18.5. At this stage, it is relevant to note that the Tax Laws (Amendment and Miscellaneous Provisions) Act, 1986 inserted Explanation 1 to section 32 w.e.f. 1.4.1988, reading as under : –
“Explanation-1. Where the business or profession of the assessee is carried on in a building not owned by him but in respect of which the assessee holds a lease or other right of occupancy and any capital expenditure is incurred by the assessee for the purposes of the business or profession on the construction of any structure or doing of any work in or in relation to and by way of renovation or extension of, or improvement to the building, then, the provisions of this clause shall apply as if the said structure or work is a building owned by the assessee.”
18.6. A circumspection of the above Explanation reveals that where a business is carried on in a building not owned by the assessee but in respect of which it holds a lease or either occupancy rights, then the expenditure on i. the construction of a structure or ii. doing of any work in or in relation to and by way of renovation or extension of, or improvement to the building, shall be considered as structure or work in the nature of building owned by the assessee for the purpose of depreciation.

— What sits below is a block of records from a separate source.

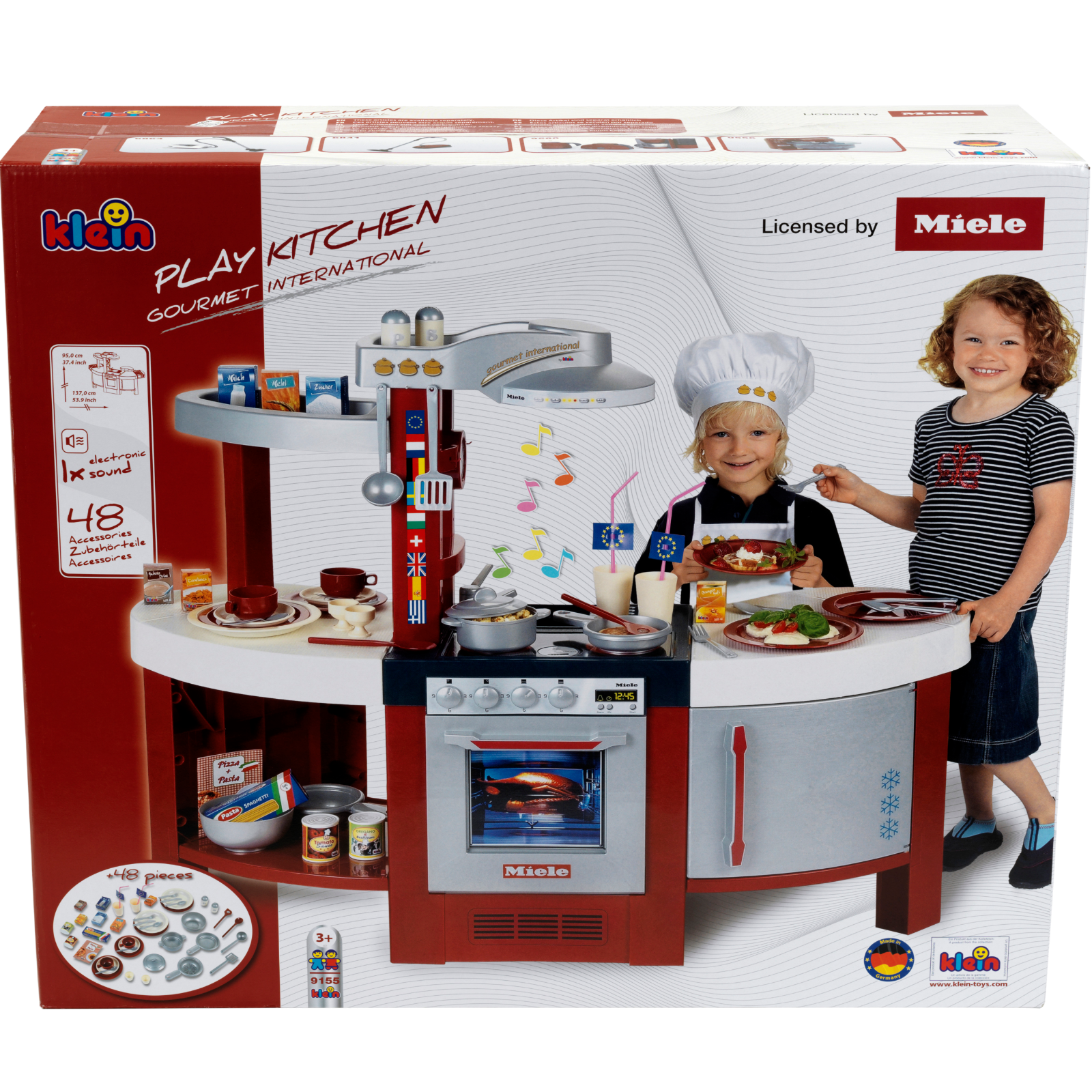 Die Miele Küche Gourmet International macht aus dem Kinderzimmer einen Gourmet-Tempel! Dank der stattlichen Maße von 1,20 Meter Breite, 95 Zentimeter Höhe und 45 Zentimeter Tiefe bietet sie den kleinen Kochprofis einen Ofen, Kochplatten, die in Aktion echte Kochgeräusche machen, einen Kühlschrank, eine Spüle sowie eine Spülmaschine und sogar eine Abzugshaube samt Ablagefläche. Bei so viel Platz ist auch das reiche Zubehör gut und schnell verstaut: Zählt man all die Teller, Becher, das Ess- und Koch-Besteck, Topf, Pfanne, Sieb, Salz- und Pfefferstreuer sowie die Spiellebensmittel zusammen, kommt man auf 40! Jede Menge Spaß und Möglichkeiten für die Kinder, sich als Nachwuchs-Koch und Köchin auszuprobieren!Spielmöglichkeiten: Herdplatte mit Soundmodul, Ofen, Geschirrspüler, Abzugshaube, Spülbecken, Kühlschrank, Ablagefächer und Schrank.Zubehör: Pfanne, Topf mit Deckel, Schüssel, Sieb und Kochgeschirr wie Pfannenwender, Schöpfkelle und zwei Kochlöffel, ein Frühstücks (Teller, Tasse, Untertasse, Kaffeelöffel und Eierbecher) und Ess-Set für zwei Personen (Teller, Suppenteller, Gabel, Messer, Löffel und Becher mit Strohhalm mit Fahne) sowie Salz- und Pfefferstreuer, zwei Bonduelle-Dosen und sieben Lebensmittelschachteln.- Made in Germany- Maße: 120 cm x 95 cm x 43 cm- Geeignet für Kinder ab drei Jahren- Benötigte Batterien 2 x RO3 AAA - Nicht im Lieferumfang enthaltenDiese vollausgestattete Kinderküche lässt keine Wünsche offen und ist der Hingucker in jedem KinderzimmerSie enthält eine Kochplatte mit Sound, Ofen, Spülmaschine- und becken, sowie Kochzubehör und ein Besteckset für 2 PersonenAuf der Kochplatte lässt es sich lecker kochen, mit dem Geschirr hübsch servieren und im Spülbecken alles wieder sauber machenDie Spielküche lässt sich von vielen Seiten bespielen, ist hochwertig verarbeitet, robust und bietet Kindern viel Raum für Fantasie und KreativitätMade in Germany I Maße: 120 cm x 95 cm x 43 cm I Geeignet für Kinder ab drei Jahren I Benötigte Batterien 2 x RO3 AAA - Nicht im Lieferumfang enthalten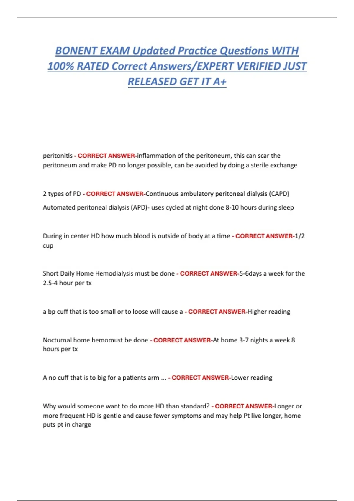 BONENT Exam, administered by the Board of Nephrology Examiners Nursing and Technology, certifies dialysis professionals in hemodialysis and nephrology care. It evaluates knowledge in patient assessment, dialysis principles, water treatment systems, equipment maintenance, and safety procedures. Earning BONENT certification demonstrates professional competency, adherence to industry standards, and commitment to quality renal care. Preparation through study guides, review courses, and practice exams ensures confidence and readiness for success.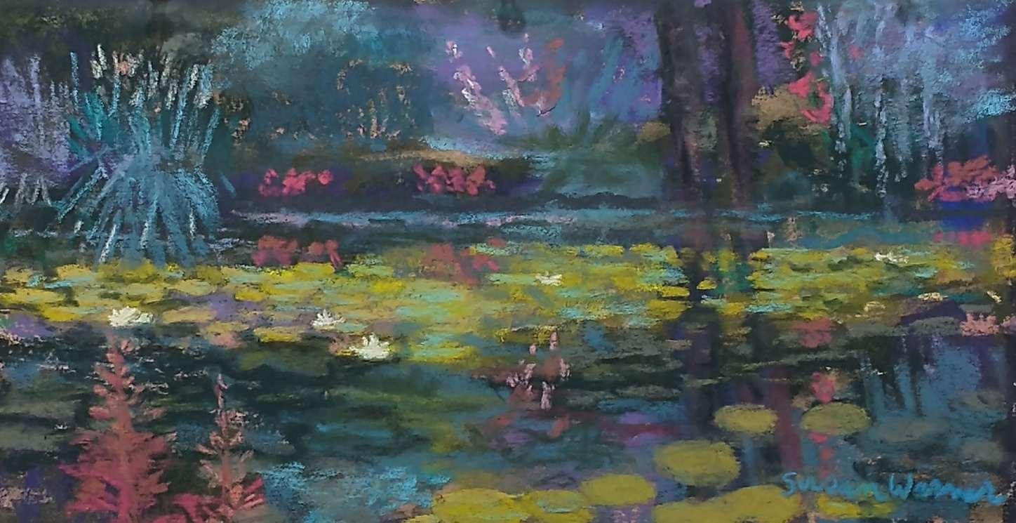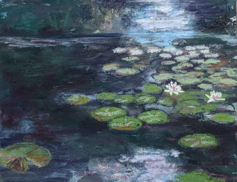 Ialwaysplannedtodosomekindofseries,andthenIboughta samplepackofUartpastelpaper.Therewere7differentgrits andtheywereall11X6.Itriedoutseveraldifferentcolor combinationswiththelilypondscenes.
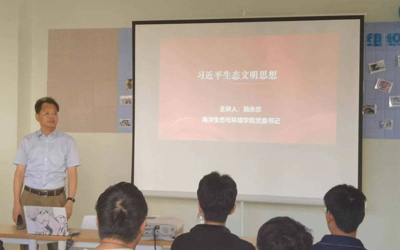 为持续深入开展学习贯彻习近平新时代中国特色社会主义思想主题教育,践行习近平生态文明思想和党的二十大精神,10月31日,上海海洋大学海洋生态与环境学院党委书记施永忠在第三小区活动室为学生党员代表讲授“习近平生态文明思想”专题党课。

Spirit and text of Explanation 1 to section 32 is that any capital expenditure by the assessee on a building not owned by him, in which he carries on the business, shall be considered as building owned by him for the purposes of section 32, to the extent of the amounts spent on the construction of structure or doing of any work in or in relation to and by way of renovation or extension or improvement to the building. It therefore, follows that in order to bring any amount within the ambit of Explanation 1 to section 32, it is paramount that the expenditure incurred by the assessee on the premises in the capacity of non-owner should firstly be in the nature of capital expenditure and then it should fall within any or both the clauses as discussed above. If these conditions get satisfied, as is the case under consideration, then the amount incurred for such works falls for consideration under Explanation 1 to section 32. In other words, the amount so incurred would be capitalized entitling the assessee to depreciation as per the eligible rate. In view of the foregoing discussion, we uphold the impugned order on this issue subject to grant of depreciation.”
In view of above, we uphold the finding of the learned Commissioner of Income Tax (Appeals) on the issue in dispute and accordingly dismiss the ground No. 1 of the appeal.